Posted on 12/24/2005 11:08:20 PM PST by Charles Henrickson

“We Are Christmas-and-Easter Christians” (John 1:1-5, 14)

From John chapter 1:

"In the beginning was the Word, and the Word was with God, and the Word was God. He was in the beginning with God. All things were made through him, and without him was not any thing made that was made. In him was life, and the life was the light of men. The light shines in the darkness, and the darkness has not overcome it. . . . And the Word became flesh and dwelt among us, and we have seen his glory, glory as of the only Son from the Father, full of grace and truth."

Maybe you read the news stories earlier this month. Let me read you a few excerpts:

This Christmas, no prayers will be said in several megachurches around the country. Even though the holiday falls this year on a Sunday, when churches normally host thousands for worship, pastors are canceling services, anticipating low attendance. . . .

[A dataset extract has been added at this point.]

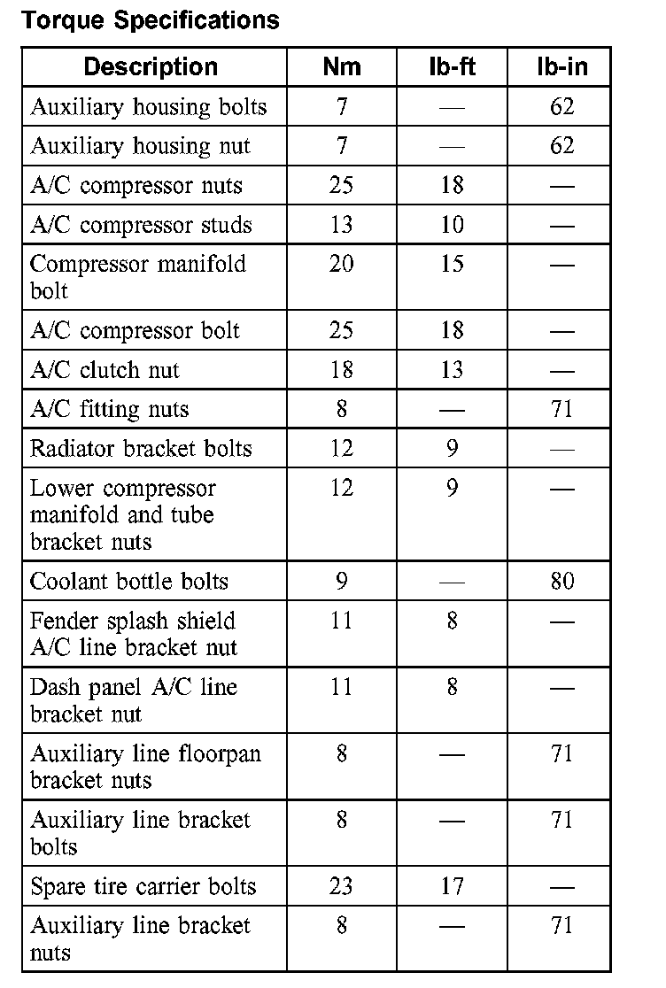 Torque Specifications:
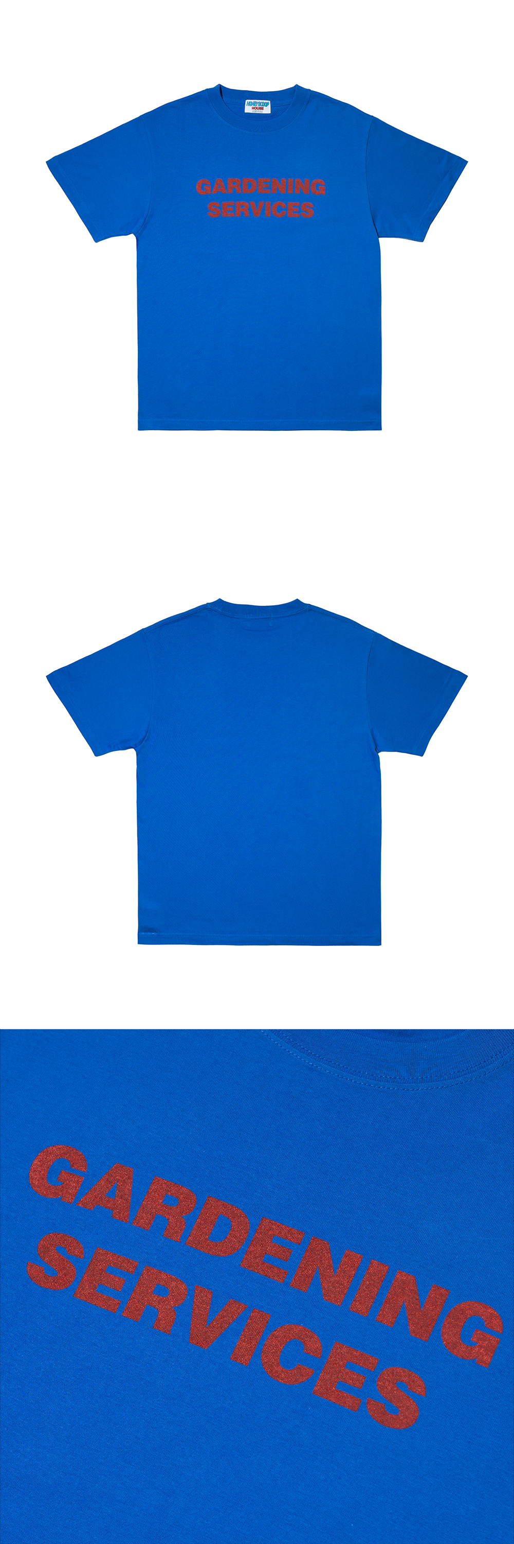 HONEY SCOOP HOUSE GARDENING SERVICES TEE BLUE 100% COTTON SHORT SLEEVE GRAPHIC TEE

Cally Parkinson, a spokeswoman for Willow Creek Community Church in South Barrington, Illinois, said church leaders decided that organizing services on a Christmas Sunday would not be the most effective use of staff and volunteer resources. . . . The decision makes sense in today’s hectic world, she said. . . . “It’s more than being family-friendly. It’s being lifestyle-friendly for people who are just very, very busy,” she said.

Cindy Willison, a spokeswoman for Southland Christian Church, said at least 500 volunteers are needed, along with staff, to run Sunday services. . . . She said many of the volunteers appreciate the chance to spend Christmas with their families. . . . Her church’s decision was made “based on analysis of the number of people who attended in previous years and just a desire for us to emphasize family time on Christmas Day,” she said.

Crossroads Christian Church will close for Christmas. Pastor Glenn Schneiders says December 25 is no longer considered sacred by many Americans. . . . “It’s viewed more as a holiday than a holy day,” he said.

Well, so here we are in church on this Christmas Day. On a Sunday, to boot. I guess we’re not being very “lifestyle-friendly.” But you know what? There’s nowhere on earth I would rather be. You know why? Because we are “Christmas-and-Easter Christians.”

That term, “Christmas-and-Easter Christians,” or “C-E Christians” for short, is often used in a derogatory way to refer to people who only show up for church twice a year, on Christmas and Easter. I guess now they can’t even be bothered with showing up on Christmas. Today, though, I want to use “C-E Christians” in a positive sense: We are “Christmas-and-Easter Christians,” because for us, Christmas and Easter make all the difference in the world--and in the world to come. That is why we are here this morning. To celebrate Christmas. To celebrate Easter.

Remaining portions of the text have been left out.